Suppose that $A \succeq B$, where $A$ and $B$ are real symmetric matrices, so that $A - B$ is positive semidefinite, equivalently, $A - B$ has nonnegative eigenvalues.
Is it always true that $\lambda_i(A) \geq \lambda_i(B)$ (assuming that eigenvalues are ordered)?
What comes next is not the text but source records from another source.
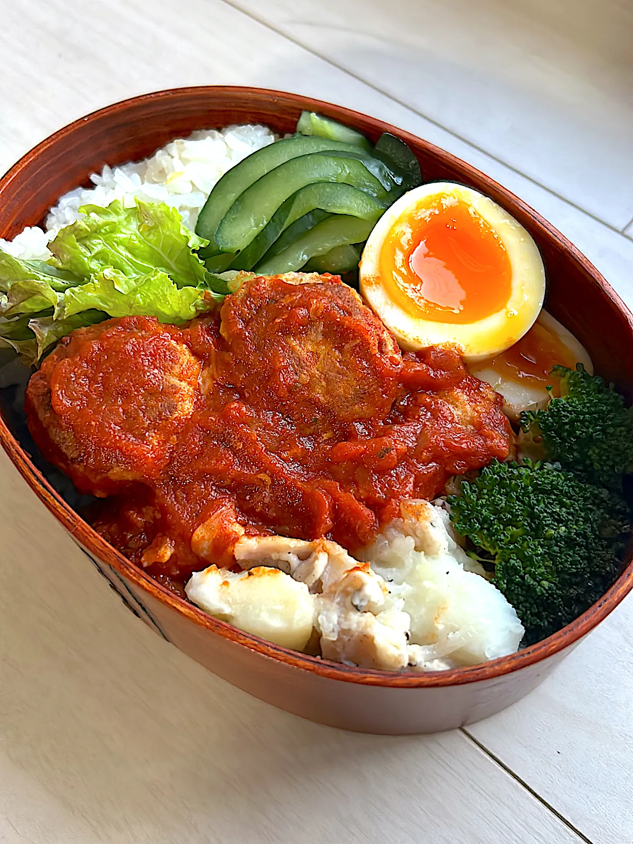 #お弁当 #お弁当記録 #わっぱ #わっぱ弁当 #夫弁当 #豆腐ボールのトマト煮弁当 #obento #lunchbox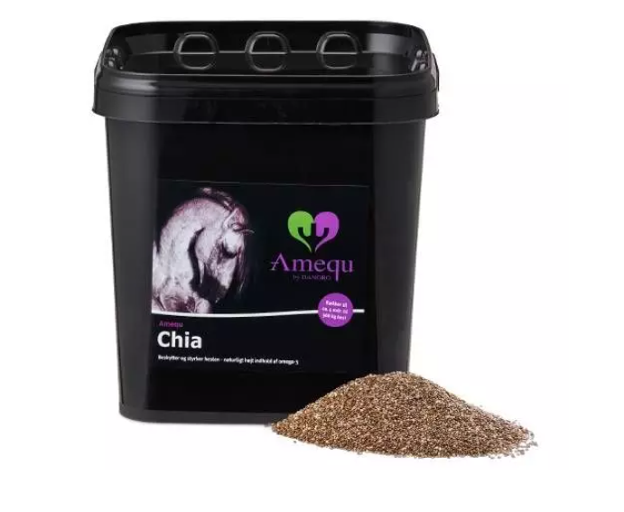 Amequ Chia er økonomisk i brug. En 3 kg spand rækker til ca. 2 måneder for en 500 kg hest.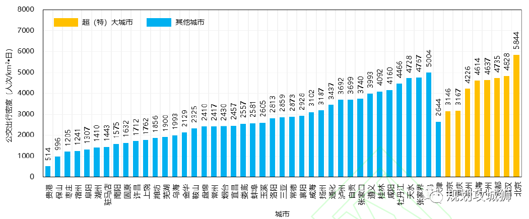 為定量衡量公共汽車(chē)出行低密度地區(qū),以“十三五”時(shí)期開(kāi)展公交都市創(chuàng)建的地級(jí)市為例,統(tǒng)計(jì)相應(yīng)城市市轄區(qū)日均公共汽車(chē)出行量和建成區(qū)面積,計(jì)算公共汽車(chē)出行密度,并與廣州、北京等超(特)大城市進(jìn)行對(duì)比(見(jiàn)圖1)。從結(jié)果來(lái)看,不同城市公共汽車(chē)出行密度差異較大,“十三五”時(shí)期公交都市創(chuàng)建城市公共汽車(chē)出行密度平均值為2 700 人次·km2/d,低于超(特)大城市平均值(4 200 人次·km2/d);公共汽車(chē)出行密度低于2 000 人次·km2/d 的城市數(shù)量約占1/3。為進(jìn)一步理論驗(yàn)算公共汽車(chē)出行密度,參考既有研究,人口低密度地區(qū)的下限標(biāo)準(zhǔn)為0.5 萬(wàn)人·km-2,并借鑒《城市綜合交通體系規(guī)劃標(biāo)準(zhǔn)》(GB/T 51328—2018)中人均出行次數(shù)為2.3~2.5 次·人-1·d-1、公共汽車(chē)出行分擔(dān)率為10%~20%的參數(shù)設(shè)定,計(jì)算得到公共汽車(chē)出行低密度理論值約為1 150~2 500 人次·km2/d。因此,綜合考慮中國(guó)城市現(xiàn)狀和理論測(cè)算,本文提出將出行密度低于2 000 人次·km2/d 的地區(qū)視為公共汽車(chē)出行低密度地區(qū)。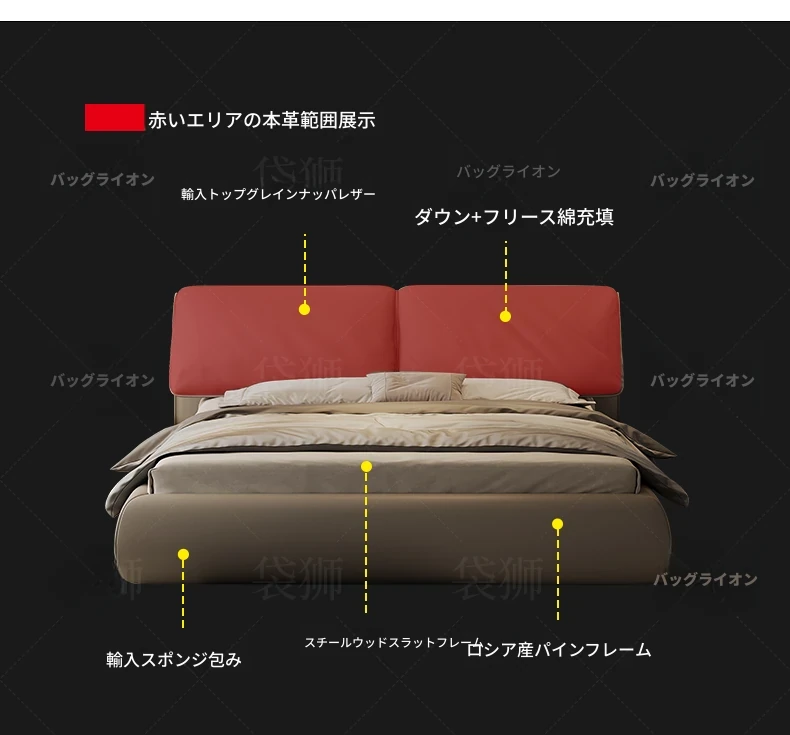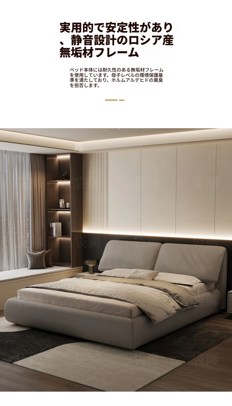 本革ベッド+9つ星深睡天丝独立ポケットスプリングマットレス【やや柔らかめ】 本革ベッド+9つ星深睡天丝独立ポケットスプリングマットレス【やや柔らかめ】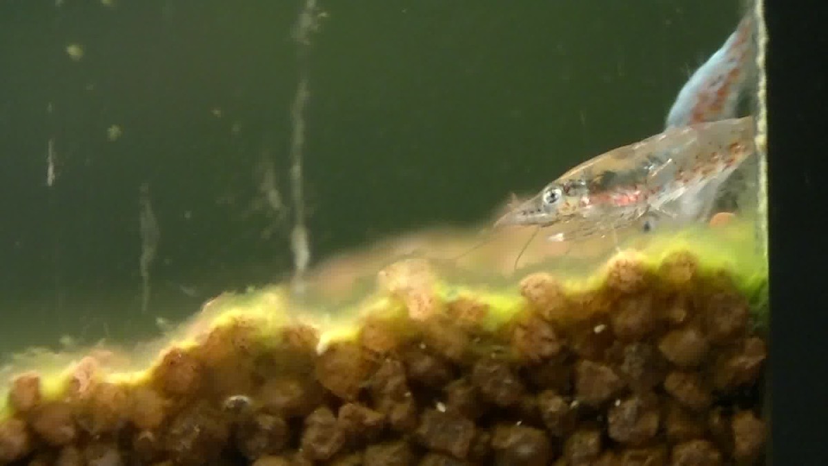 die Kleinen sind jetzt eine Woche im Süßwasser und man sieht schon das sie wachsen, ca. 1,5cm. Leider gibt auch Ausfälle zu berichten :( . Das ist darauf zu resultieren, dass sie sich hinter dem Innenfilter, zwischen Scheibe und Filter, eingequetscht haben. Für kleine Garnelen ist der JBL CristalProfi200 nicht geeignet 8o .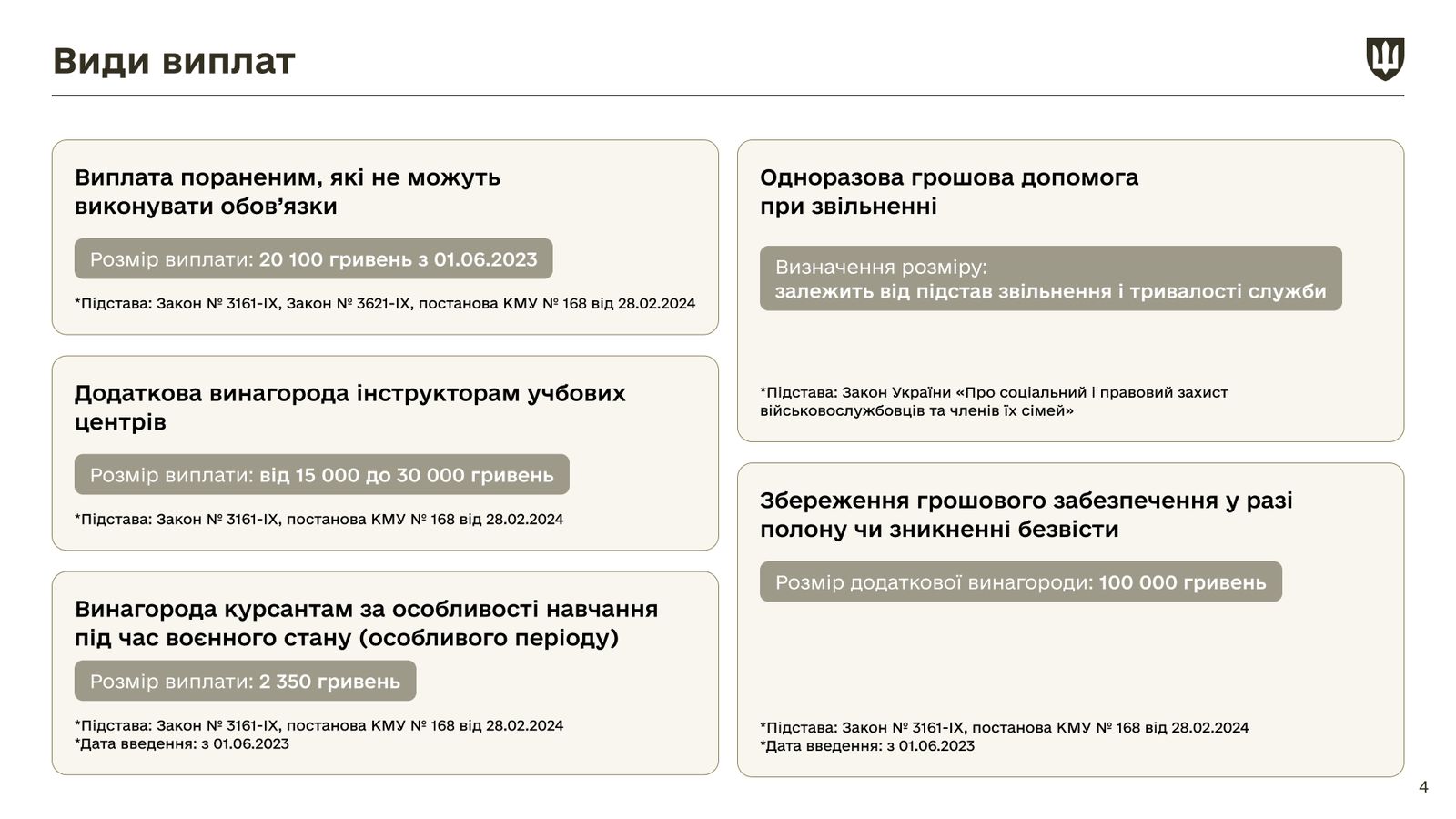 Выплата раненым, которые не могут исполнять обязанности, – 20 100 грн.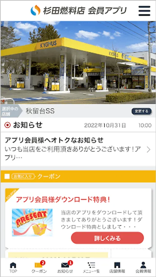 Please use the Sugita fuel store app "Sugita fuel store member app"!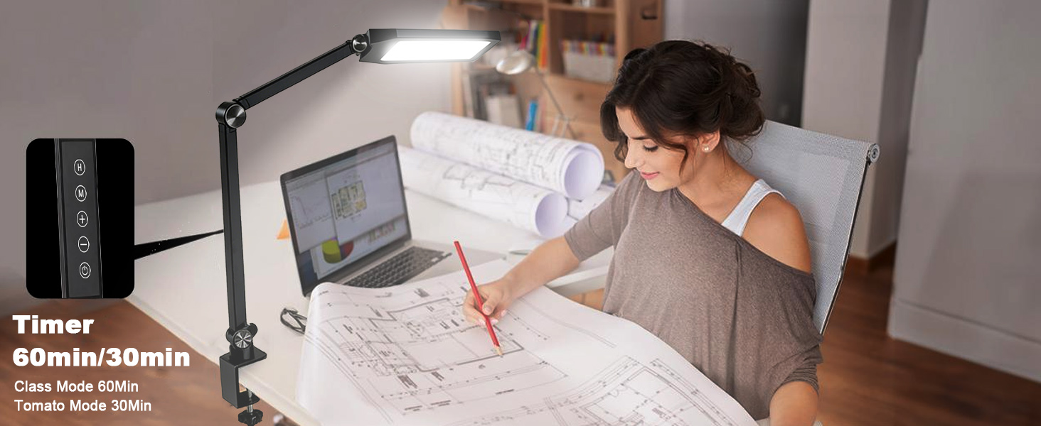 مصباح مكتب LED NS مع مشبك، ضوء طاولة خافت للضوء خالٍ من الوميض مع 3 أوضاع ألوان، وظيفة الذاكرة والمؤقت، مصباح بمشبك ذراع متأرجح قابل للتعديل للمكتب المنزلي والقراءة والدراسة. البطاريات غير متضمنة.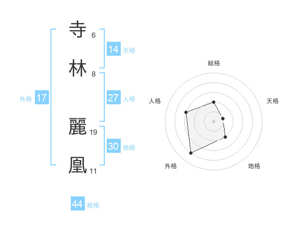 寺林 麗凰さんの総格は44画の2点!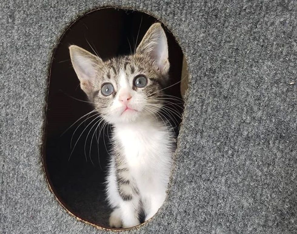 When the trio met Darby, it was love at first sight. They took her under their wing and wrapped their arms around her. The kitten instantly became family to this adorable clowder.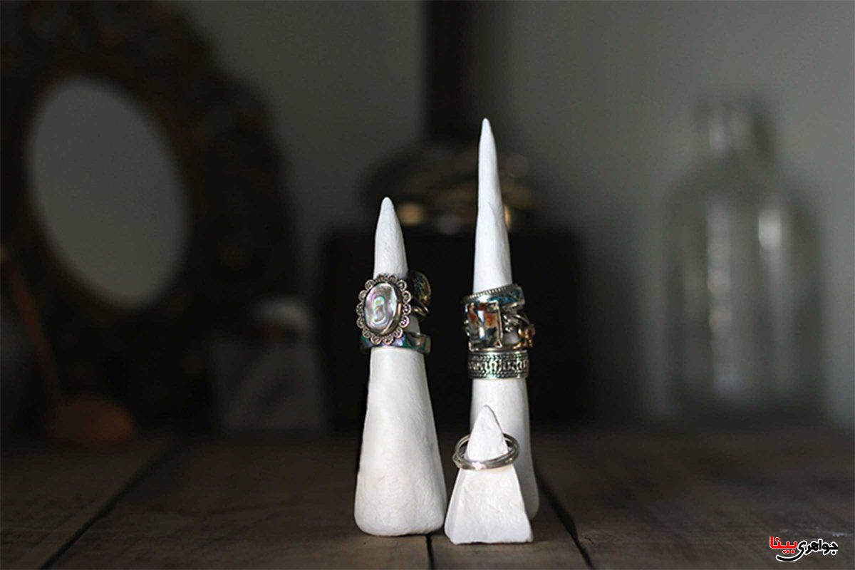 اگر اهل کاردستی و هنر در خانه هستید، میتوانید با گِل رُس چندین مخروط بزرگ و کوچک به شکل کلهقند بسازید. پس از خشک شدن آن ها را رنگ کنید و به عنوان جا انگشتری روی میز آرایش بگذارید.

Just so that this question not remains formally unanswered: as @julian pointed out in the comments by the min-max-theorem we have that for all $k \in \{ 1, \ldots, d \}$ $$ \lambda_k(A) = \min_{\substack{U \subset \mathbb C^d, \\ \dim(U) = k}} \max_{x \in U \setminus \{ 0 \}} \frac{x^{\mathsf{T}} A x}{x^{\mathsf{T}} x} \ge \min_{\substack{U \subset \mathbb C^d, \\ \dim(U) = k}} \max_{x \in U \setminus \{ 0 \}} \frac{x^{\mathsf{T}} B x}{x^{\mathsf{T}} x} = \lambda_k(B), $$ where the inequality is due to $B \preceq A$, which is equivalent to $0 \preceq A - B$, i.e. $x^{\mathsf{T}} (A - B) x \ge 0$ for all $x \in \mathbb {C}^d$.